To handle this, the solution is to add another register stage to the worst-performing synchronizer chain in the design, thus increasing the metastability settling time and enhancing the MTBF for that chain - and therefore overall design – considerably (if not exponentially!).

Device Technology - Faster vs Smaller

To recap, metastability (although there's nothing stable about this state!) occurs when an incoming asynchronous signal transitions in violation of a register's Set-Up and/or Hold Time. The overall length of time, Set-Up + Hold, essentially defines the 'window' for metastability occurring – the metastability window if you will.

It stands to reason that the faster a register's Set-Up and Hold times, the smaller the metastability window. Indeed, faster logic families exhibit these faster times and hence decrease the probability of a metastable event. Should a metastable event occur (remember metastability cannot be completely eradicated) the registers are fast enough to recover quickly. For example, a register in the 74F family would lead to better MTBF than a device used from the 74LS family – two ends of the device-speed spectrum.

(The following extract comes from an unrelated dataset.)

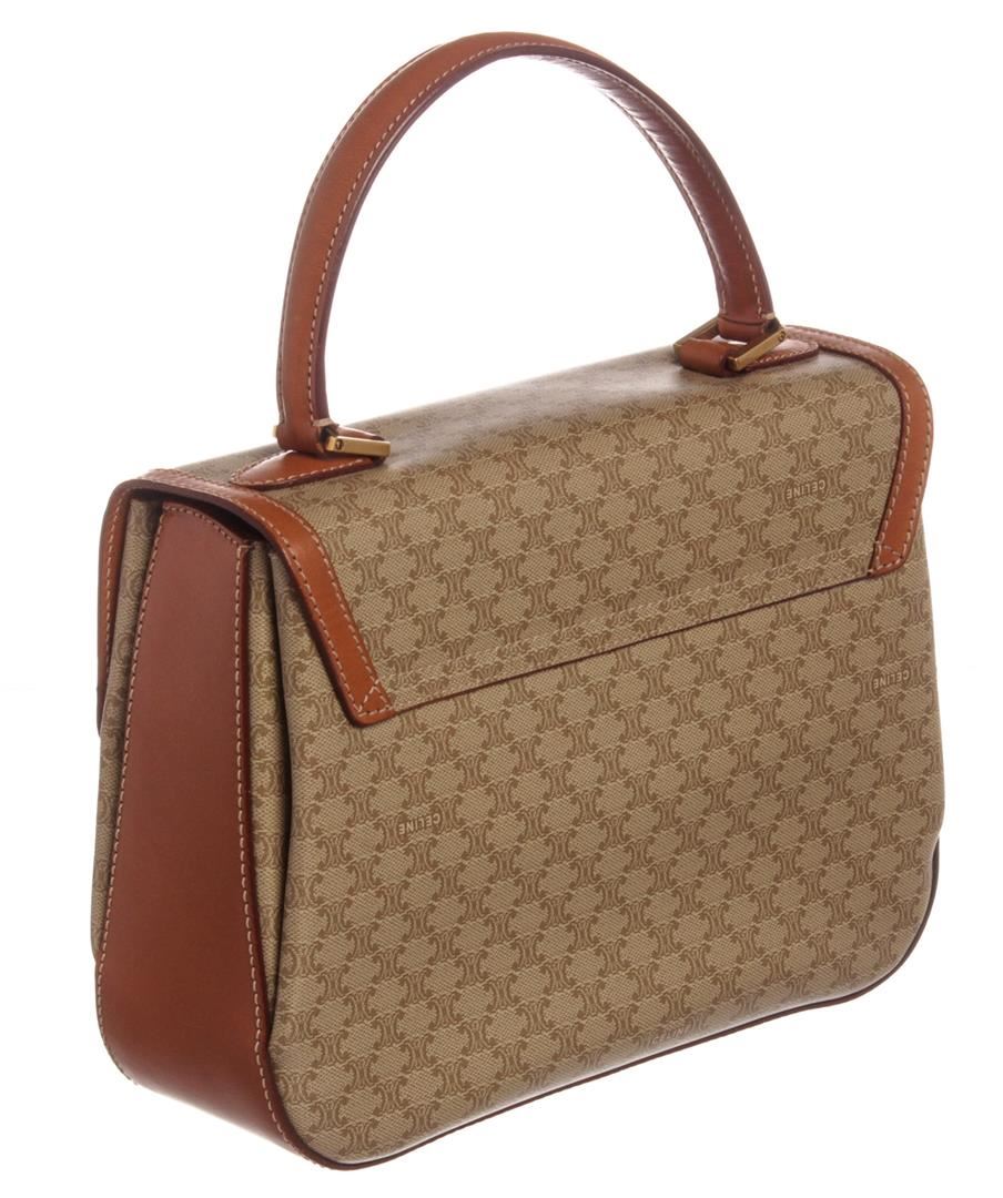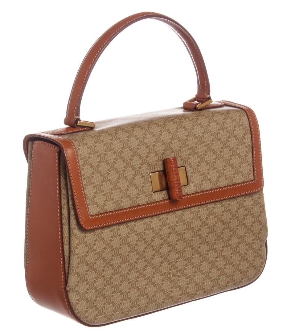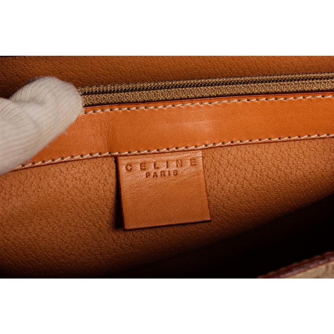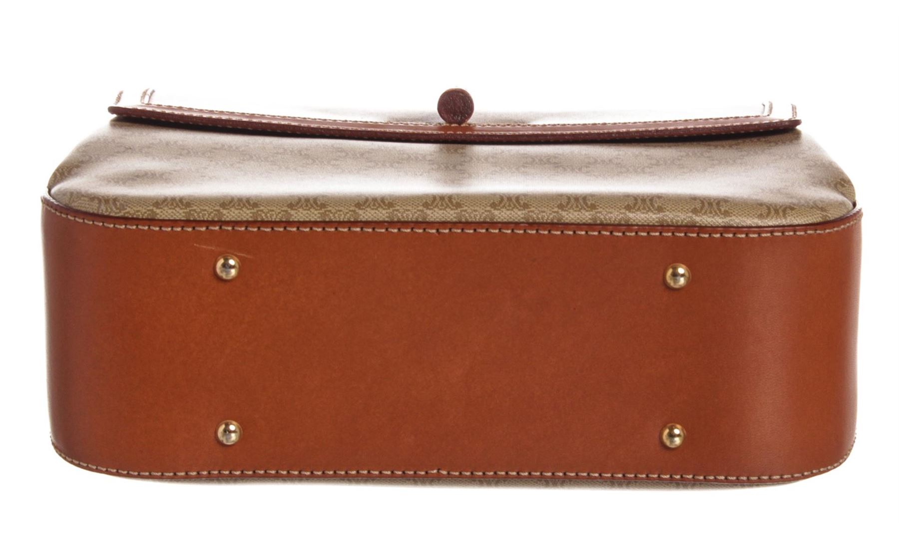 Celine beige Macadam coated canvas monogram Vintage Top Handle bag with tan leather trim, gold-tone hardware, brown leather lining, three interior compartments, center with zip top, flap closure with turn-lock.

With FPGAs, the decrease in process geometries (from 180nm, through 90nm and onward to 65nm, 40nm and beyond) lends itself to faster transistor switching speeds – typically improving the MTBF due to metastability. However, the benefits of reduced size is not without potential penalty. Shrinking geometries naturally bring reduced supply voltages. During a metastable state, the output from a register is typically half of the supply voltage. As the supply voltage gets smaller and smaller, the voltage difference between full and halfway becomes narrowed, leading to a reduction in the gain of the circuit and longer times for registers to recover from a metastable state.

FPGA vendors typically perform vigorous metastability analysis to ensure robustness against metastability in physical devices that utilize these ever-decreasing process geometries.

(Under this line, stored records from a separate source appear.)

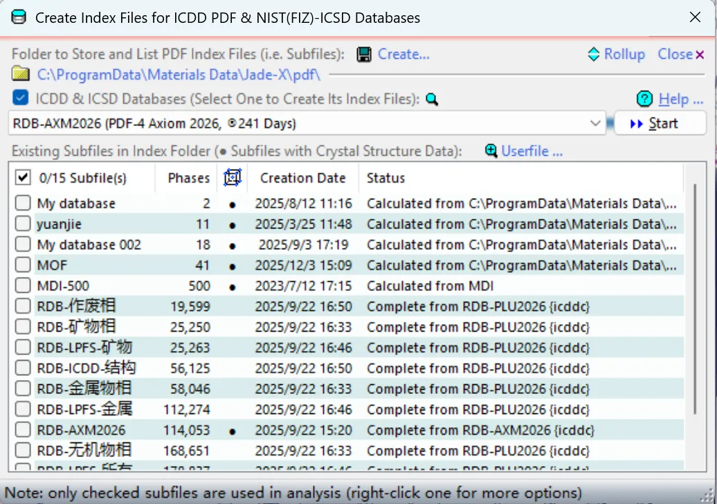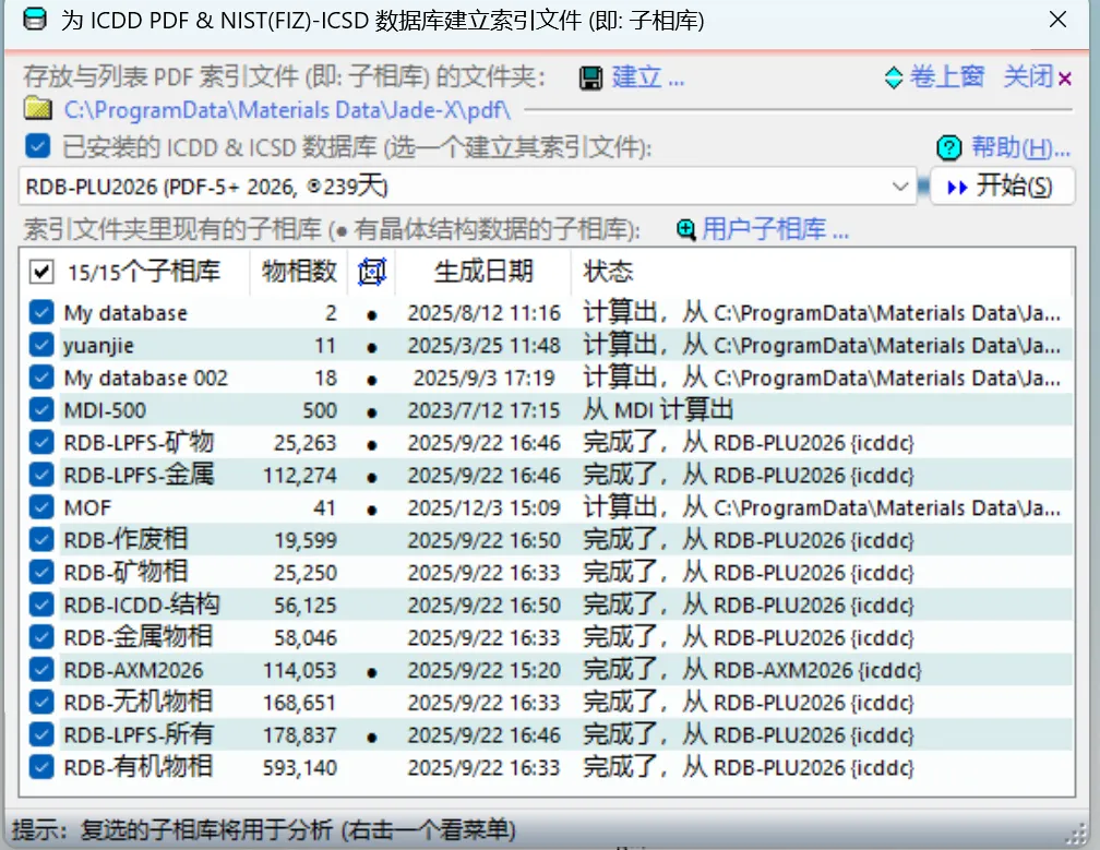 4.所有支持的相关PDF数据库(即RDB数据库)安装好后,都将自动显示在此对话框中的数据库下拉列表中,选择其中一个数据库并确保其授权许可,并在JADE中建立索引文件。点击“开始”按钮(Start),所选的数据库将在JADE中建立索引文件,以便利用PDF数据库在JADE软件中进行快捷物相检索和定相分析。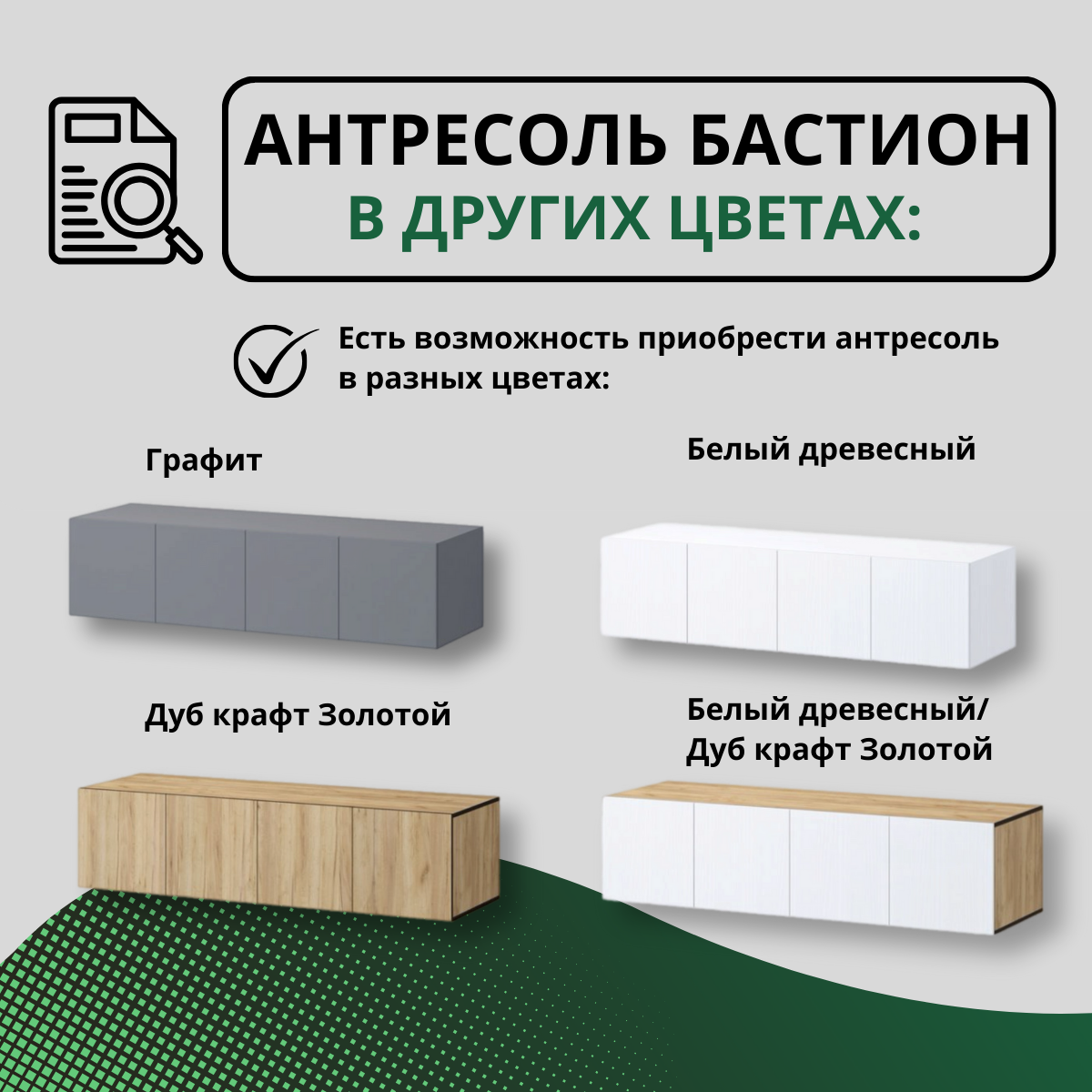 | Комплектация | антресоль с дверками без ручек, механизм нажимной |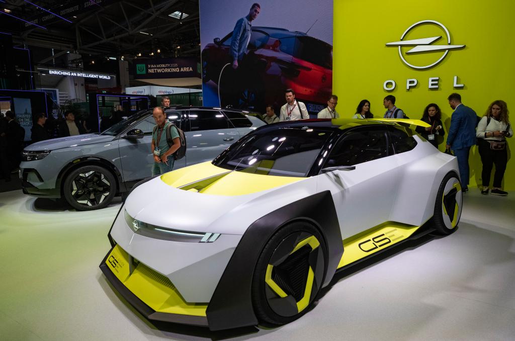 9月9日,人們?cè)诘聡?guó)慕尼黑國(guó)際車(chē)展的歐寶汽車(chē)展臺(tái)參觀(guān)概念車(chē)。新華社記者 張帆 攝

Altium Designer FPGA Peripherals with Inherent Metastability Protection

The following sections contain tables collectively listing the various FPGA peripheral cores, available for use in FPGA designs and shipped in libraries as part of the Altium Designer installation. For each peripheral, indication is given as to whether or not it incorporates provisions for metastability.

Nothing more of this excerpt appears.